The games that followed – not all, by any stretch – tended to forget this bit, focusing just on puzzles and often missing the point of those. Far too many were just roadblocks, and often very stupid ones. Even good designers fell into the twin-trap of seeing the LucasArts games particularly as the apex of the genre rather than simply the best that their creators could do at the time. They didn’t want to do anything that might offend fans who saw their beloved genre being stolen and were sick of being told RPGs and the like were inherently better. This lead to severe stagnation, and games that could never live up to fond memories of the original titles.

“A lot of people who are trying to capture that nostalgia or pay homage to it, if they weren’t part of it initially then they tend to build something that looks like the old games but doesn’t play like them. It doesn’t have the same humour, the way the puzzles were done, all those elements that gave those games their flavour. I think they’re missing what made those games special,” says Gilbert, who codified his design philosophy in a set of rules written in 1989 and called it ‘Why Adventure Games Suck And What We Can Do About It’. It’s still depressingly relevant today.

The classics prevail


There are still great adventures being made today, however, from nostalgic ones largely funded by crowdfunding site Kickstarter, to indie games, to the return of old classics like King’s Quest. In look, they can vary from classic pixel art (as with Wadjet Eye Games’ fantastic Blackwell series) to 3D and traditional artwork (German publisher Daedalic being the most prolific, with Germany having long been a huge adventure game market). But what all of them have in common is that they’re made for the PC/iPad market. On console, alas, we only really get Telltale’s offerings.

Something like Thimbleweed Park, with its ‘80s aesthetic, might not immediately look like a great fit on Xbox One, and it’s certainly not going to strain our next gen console too hard. Gilbert was keen to bring it across though, not least in the hope of recapturing the social element that’s long been missing from adventure games. “I remember my first experience of them was on a college computer, which was a text game in junior high, and it was me and my friends. I never played that alone. The thing that interests me most about the Xbox One isn’t the console itself, but where it’s played. PC games are still traditionally played at a desk, a home office, something like that. With a console, you play on a couch – more relaxed, more public, with people around. It’s an intriguing environment to be in.”

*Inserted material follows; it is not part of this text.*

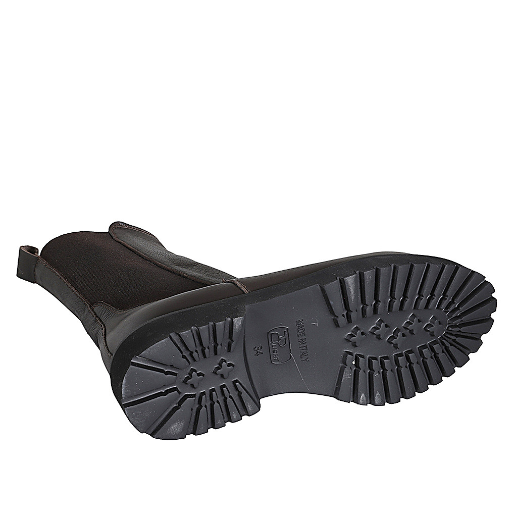 Woman's ankle boot with lateral elastic bands in cognac brown leather heel 5
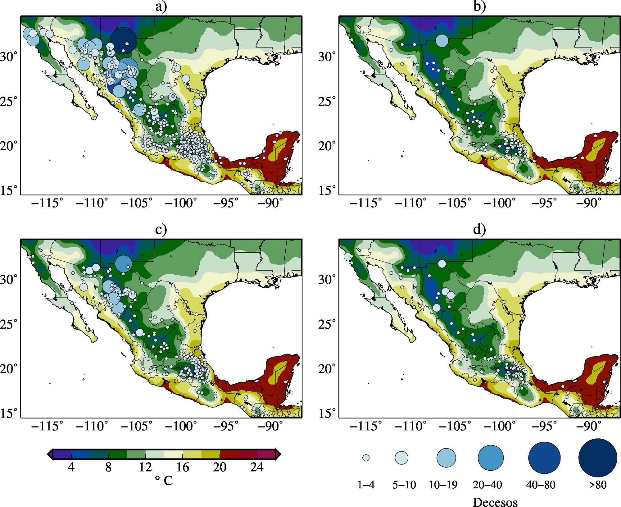 elaboración propia.En este trabajo, la distribución espacio-temporal de la mortalidad por frío excesivo es investigada dentro de un contexto climático caracterizado por temperaturas mínimas mensuales. En términos generales, esta investigación contribuye a caracterizar el problema general relativo a los impactos del frío excesivo en México bajo la perspectiva de la gestión del riesgo, analizando conjuntamente amenazas y vulnerabilidades. De manera particular, los resultados detallan cuantitativamente los patrones espaciales, temporales y demográficos asociados a la mortalidad por frío intenso.

The hope is that this will return us to one of the best, and most forgotten parts of adventure gaming – working with friends to solve puzzles and experience the world, to find new jokes and responses, and to recapture the fun of solving tricky problems instead of just going online and having someone give you the answer. “They’re not as interesting if you’re just sitting there with a walkthrough. Part of the fun and the charm of the genre is in discovering things.” As just one example: “There are 3,000 books in Thimbleweed Park’s library right now, and every one of them has a name! You can’t open the books and read them, of course, but they all have a name, and as you scroll around you’re going to find some really interesting and funny things. I’ve always said that an adventure’s main character is its world. You need to develop that, let people explore it and poke around. Whether it’s leafing through police reports or finding a joke in a library book in the background of a scene, we’ve got a lot of that stuff because it’s fun and builds the world.”

Thimbleweed Park’s charms await to be either discovered or rediscovered early next year. Meanwhile, if you want to get up to speed with the genre and don’t mind taking a break from your TV, many classic adventures have recently been re-released over on GOG.COM, on iPad and on Steam. Point, click, prepare. It’ll be 1989 again before you know it. In a good way, that is.